Study material:
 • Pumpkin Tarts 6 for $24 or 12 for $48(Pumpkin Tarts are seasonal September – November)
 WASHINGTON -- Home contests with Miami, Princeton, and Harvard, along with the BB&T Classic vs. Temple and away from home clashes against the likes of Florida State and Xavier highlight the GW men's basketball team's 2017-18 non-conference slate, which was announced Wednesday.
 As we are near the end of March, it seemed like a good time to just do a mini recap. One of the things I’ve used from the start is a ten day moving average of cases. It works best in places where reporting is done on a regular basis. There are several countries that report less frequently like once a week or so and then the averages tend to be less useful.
==
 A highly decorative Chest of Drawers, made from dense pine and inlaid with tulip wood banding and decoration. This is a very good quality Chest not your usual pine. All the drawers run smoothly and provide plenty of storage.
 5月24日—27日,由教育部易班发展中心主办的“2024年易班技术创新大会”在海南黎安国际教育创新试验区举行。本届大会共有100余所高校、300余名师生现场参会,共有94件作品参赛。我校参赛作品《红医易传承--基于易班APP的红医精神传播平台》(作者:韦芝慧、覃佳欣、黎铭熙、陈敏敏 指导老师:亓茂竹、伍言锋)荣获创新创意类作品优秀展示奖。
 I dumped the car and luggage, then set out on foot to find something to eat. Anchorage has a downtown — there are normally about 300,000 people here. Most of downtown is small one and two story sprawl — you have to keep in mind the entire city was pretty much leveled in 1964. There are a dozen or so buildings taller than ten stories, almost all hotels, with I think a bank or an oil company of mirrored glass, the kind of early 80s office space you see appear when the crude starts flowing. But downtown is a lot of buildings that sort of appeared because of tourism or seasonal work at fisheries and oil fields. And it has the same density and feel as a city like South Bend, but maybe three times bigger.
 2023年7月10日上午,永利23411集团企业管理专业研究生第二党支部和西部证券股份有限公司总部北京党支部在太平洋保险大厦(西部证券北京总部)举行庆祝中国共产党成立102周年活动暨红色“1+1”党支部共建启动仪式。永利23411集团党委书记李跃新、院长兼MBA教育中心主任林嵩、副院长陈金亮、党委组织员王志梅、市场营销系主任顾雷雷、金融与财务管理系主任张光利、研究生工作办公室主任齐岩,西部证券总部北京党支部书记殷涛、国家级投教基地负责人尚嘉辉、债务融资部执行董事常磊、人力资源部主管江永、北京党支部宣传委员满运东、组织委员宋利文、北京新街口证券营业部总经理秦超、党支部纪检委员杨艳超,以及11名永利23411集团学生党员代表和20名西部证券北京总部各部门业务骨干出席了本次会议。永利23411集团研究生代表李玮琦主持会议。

What you have to do: Go to the line in the material above that contains "I dumped the" and copy exactly from there through the line that contains "2023年7月10日上午,永", stopping after it.

Result:
 I dumped the car and luggage, then set out on foot to find something to eat. Anchorage has a downtown — there are normally about 300,000 people here. Most of downtown is small one and two story sprawl — you have to keep in mind the entire city was pretty much leveled in 1964. There are a dozen or so buildings taller than ten stories, almost all hotels, with I think a bank or an oil company of mirrored glass, the kind of early 80s office space you see appear when the crude starts flowing. But downtown is a lot of buildings that sort of appeared because of tourism or seasonal work at fisheries and oil fields. And it has the same density and feel as a city like South Bend, but maybe three times bigger.
 2023年7月10日上午,永利23411集团企业管理专业研究生第二党支部和西部证券股份有限公司总部北京党支部在太平洋保险大厦(西部证券北京总部)举行庆祝中国共产党成立102周年活动暨红色“1+1”党支部共建启动仪式。永利23411集团党委书记李跃新、院长兼MBA教育中心主任林嵩、副院长陈金亮、党委组织员王志梅、市场营销系主任顾雷雷、金融与财务管理系主任张光利、研究生工作办公室主任齐岩,西部证券总部北京党支部书记殷涛、国家级投教基地负责人尚嘉辉、债务融资部执行董事常磊、人力资源部主管江永、北京党支部宣传委员满运东、组织委员宋利文、北京新街口证券营业部总经理秦超、党支部纪检委员杨艳超,以及11名永利23411集团学生党员代表和20名西部证券北京总部各部门业务骨干出席了本次会议。永利23411集团研究生代表李玮琦主持会议。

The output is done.